Селуянов оторвался от бумаг, которые нужно было составлять ежемесячно и почему-то с каждым месяцем во все возрастающем количестве.
– Заходи. Что у тебя?
– Мы тут смотрели эти… ну, бумаги…
– Какие конкретно?
– Ну эти… которые у Аничковой из квартиры изъяли…
Пауза. Селуянов терпеливо ждал. Парнишка был в общем-то толковый, но вот с речью прямо беда. Выдавливает слова в час по чайной ложке, да и те не всегда внятные. Поначалу Коля злился, поторапливал молодого опера, прикрикивал, критиковал, потом смирился и научился терпеть. Став руководителем, он начал несколько иначе смотреть на жизнь. Если не сработаешься с подчиненным, он уйдет, а кто работать будет? За раскрытие преступлений-то с него спрашивают, с зама по оперработе, а он с кого станет спрашивать, если все разбегутся?
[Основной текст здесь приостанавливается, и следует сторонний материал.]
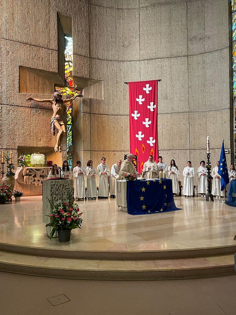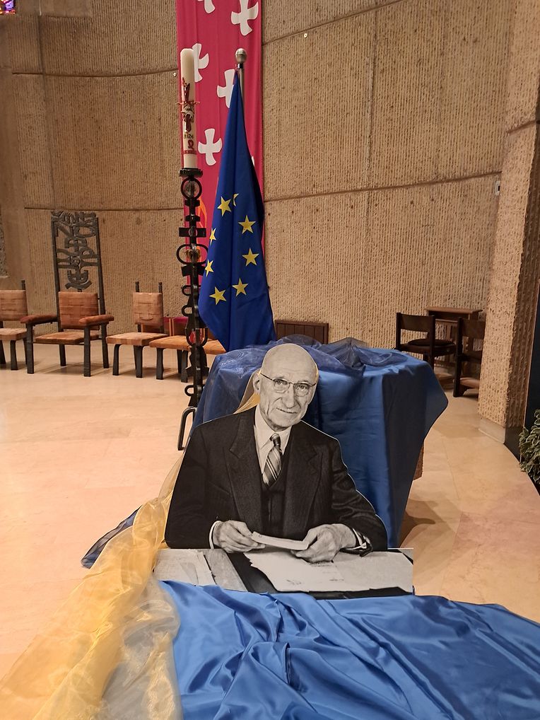 Am 13. Juli jährte sich der 75. Jahrestag der Ernennung Robert Schumans zum Ehrenbürger der Stadt Luxemburg. Aus diesem Anlass fand in Fetschenhof-Cents, wo Robert Schumans Eltern ihre letzte Ruhestätte haben, eine Messe zu Ehren des Initiators des Friedensprojektes Europa statt. Auf Einladung des Institut Saint-Benoît Patron de l’Europe, dessen Mitglieder sich für die Seligsprechung Robert Schumans einsetzen, der permanenten Vertretung der Europäischen Kommission in Luxemburg, des Centre de formation diocésain und der Pfarrei Notre-Dame präsidierte der Generalvikar Patrick Muller einen Gottesdienst vor den Lichtmauern Théo Kergs der Heilig-Geist-Kirche. In Anwesenheit u.a. der Botschafterin der Bundesrepublik Deutschland Dr. Heike Peitsch, dem EuGh-Richter François Biltgen, dem Abgeordneten und Gemeinderat Tom Weidig, dem Schuman-Biografen Manfred Kontz sowie dem Präfekten der Marianischen Bürgersodalität Trier Anton V. Wyrobisch zogen der Hauptzelebrant mit dem Präsidenten des Institut Saint-Benoît Patron de l’Europe Pfarrer Grégoire Corneloup und Diakon Michel Michaely sowie eine Messdienerschar, die zahlenmässig den zwölf goldenen Sternen der Europafahne entsprach, vor den mit der Europaflagge umhüllten Altar. Vor dem Taufbecken stand symbolträchtig ein Porträt des in Luxemburg geborenen Robert Schuman.

– Так. И что в бумагах? Что-то не так?
– Там… это… листка не хватает… вырван…
– Откуда вырван? Из ежедневника? – Селуянов изо всех сил помогал косноязычному парню.
– Ну да, я и говорю.
Вообще-то, ничего подобного про ежедневник он пока не сказал, но зато сумел произнести связную фразу, уже хорошо.
– За какое число листка не хватает?
– Вот… я, это… принес показать.
С этими словами оперативник вытащил откуда-то из-за пазухи ежедневник и протянул начальнику.
– А следователю ты звонил? Доложил?
– Так он, это… Неохота ему… сказал, чтоб сами…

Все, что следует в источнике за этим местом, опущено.